Если Миша был не в духе, не стоило перечить ему.

– Ты уверен, что это – его карета?..

– Ты вправду не торопишься?

– Я ж сказал.

Они как бы теснили друг друга словами. Была такая манера.

Лермонтов был мал ростом, коренаст, угрюм и явно недоволен собой.

– Нас обещал Соллогуб представить друг другу, – пояснил он с неохотой. Ты точно не торопишься?

– Я ж сказал – не тороплюсь.

– Как хочешь!.. Его жена, говорят, впервые в свете после родов.

– Все правильно! Только не впервые! – откликнулся Столыпин.

– Правда? Поезжай!

– Я ж сказал тебе – никуда не тороплюсь!

Они считались кузенами, хотя, было сложное родство: он приходился Михаилу двоюродным дядей, – вечная путаница с родственниками. Но он был на два года моложе Лермонтова, и тот держался, как старший.

Из полутьмы, накрывавшей постепенно Елагин остров, – из дверей дворца вывалился еще один офицер. Спиной и продолжая раскланиваться с кем-то.

– Ой, а я Вас потерял!

Это был Трубецкой Александр, кавалергард. Их общий приятель.

– А-а, «Бархат»! – поздоровался Лермонтов мрачно. – А зачем ты нас искал?

– Э-эй! Ты не должен меня так называть! И вообще афишировать, что знаешь это прозвище! Не дай Бог! – испугался Трубецкой.

– А я не афиширую!

Хотя это знали решительно все. «Бархатом» Трубецкого назвала так сама, императрица российская Александра Федоровна, в кружок развлечений которой он вписался не так давно, но занял в нем достойное место. И кличка удержалась. «Бархат» – значит, бархатные глаза. В самом деле были почти бархатные.

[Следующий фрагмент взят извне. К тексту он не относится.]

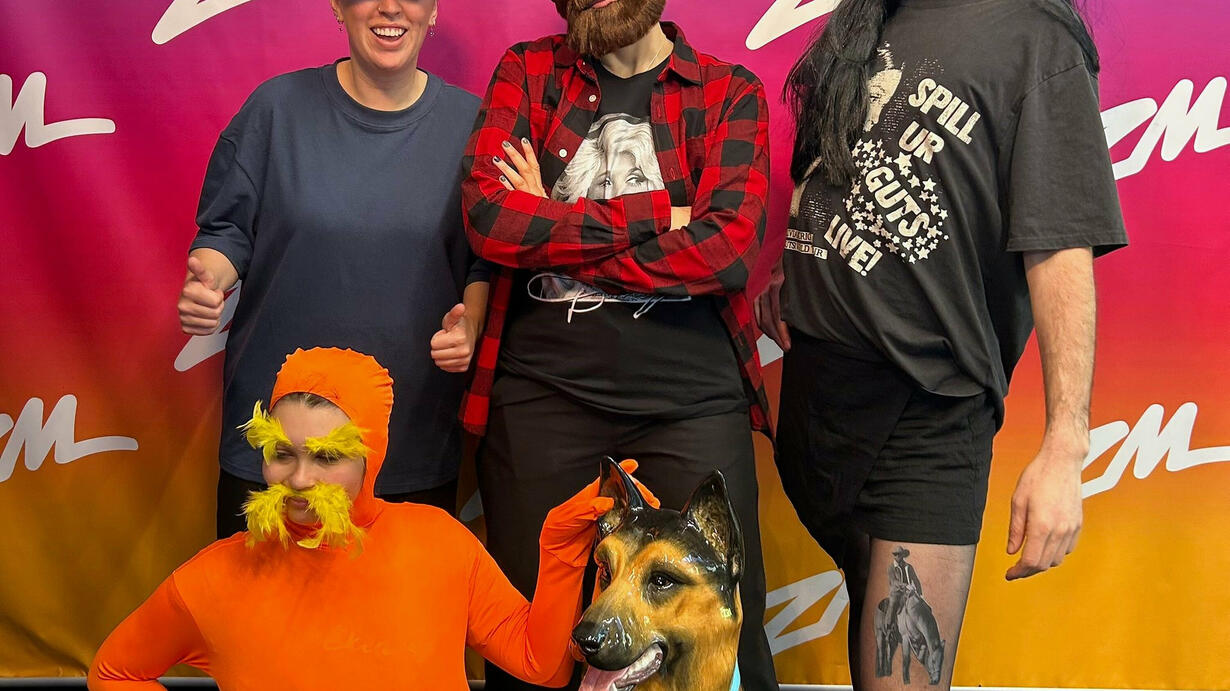 we're currently dressed as Flitchborne and Hailey from Zidim's Morning Show,
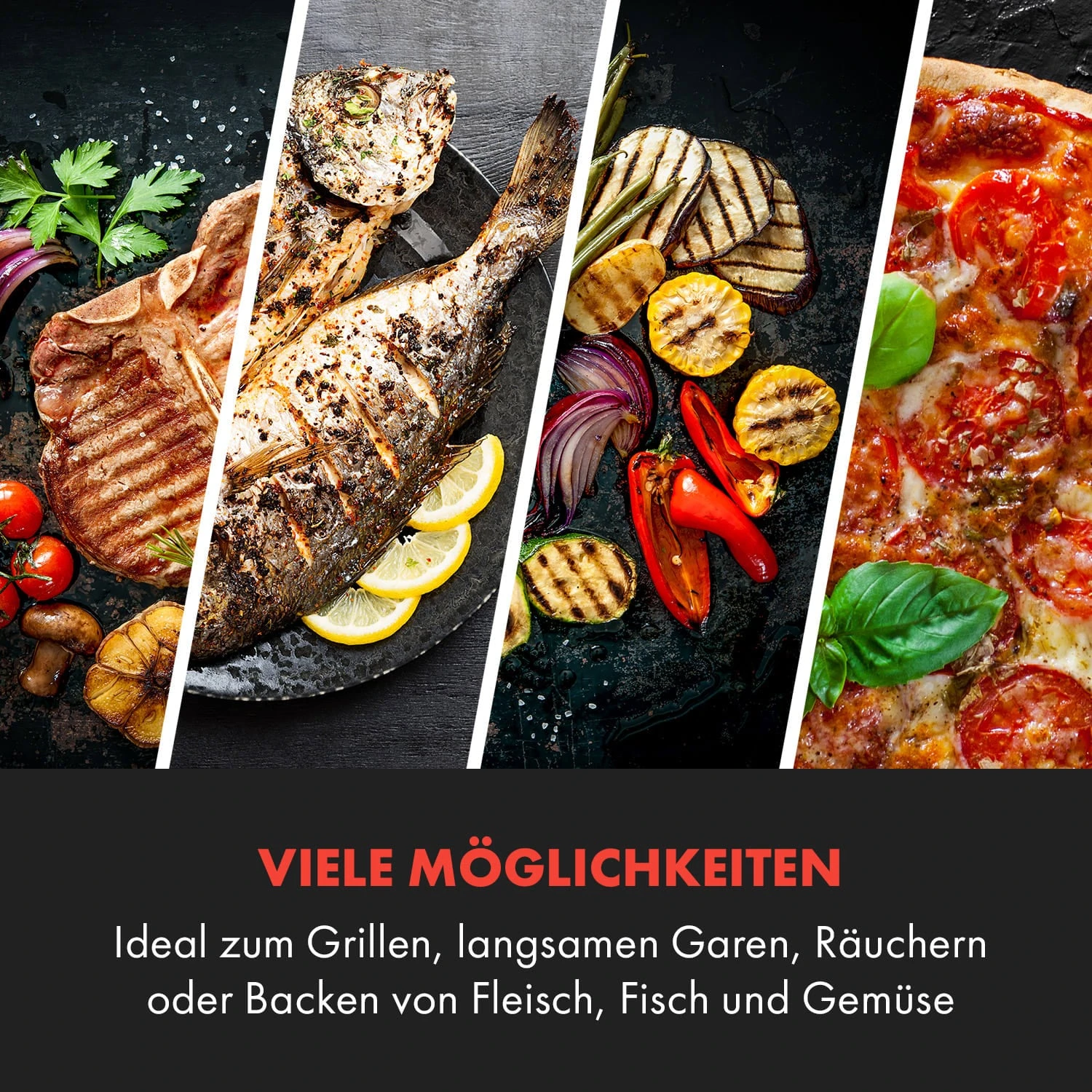 - Viele Möglichkeiten: ideal zum Grillen, langsamen Garen, Räuchern oder Backen von Fleisch, Fisch und Gemüse

– Ты Соллогуба не встретил? – спросил Лермонтов.

– Он там помешался на какой-то барышне. Не отрывается. По-моему, одна из Виельгорских. Жениться собрался, что ли?

– А-а… Это мы знаем! – сказал Лермонтов.

– Что ж! бывает! – подхватил Столыпин.

– Но потом проходит! – заключил Лермонтов.

– А первую пару вечера вы уже видели? – осклабился Трубецкой.

– Какую? – спросил Столыпин.

– Пушкин с женой. Уморительное зрелище!

– Я не видел, – сказал Лермонтов, – Мы быстро ушли.

– Старик страшно злится! – сказал Трубецкой.

– Это – старая новость! – бросил Столыпин, чтоб не длить разговор.

– Ладно! Вы тут застряли, похоже – а у меня дела! – Трубецкой заторопился уйти… Они смотрели ему вслед.

– Не дразни его. Его недавно отвергли!.. – сообщил Столыпин.

– Кто? – спросил Лермонтов без особого интереса.

– Маленькая Барятинская.

– А-а!.. Бедняга! А я думал – он уже женился на России.

– Нет, что ты! Наш государь – не Петр Третий и даже не Первый. При нем не повольничаешь. Они только катаются с императрицей в санях…

– И как?

– Ничего. Он придерживает ее за талию. Воздушные поцелуи разрешаются.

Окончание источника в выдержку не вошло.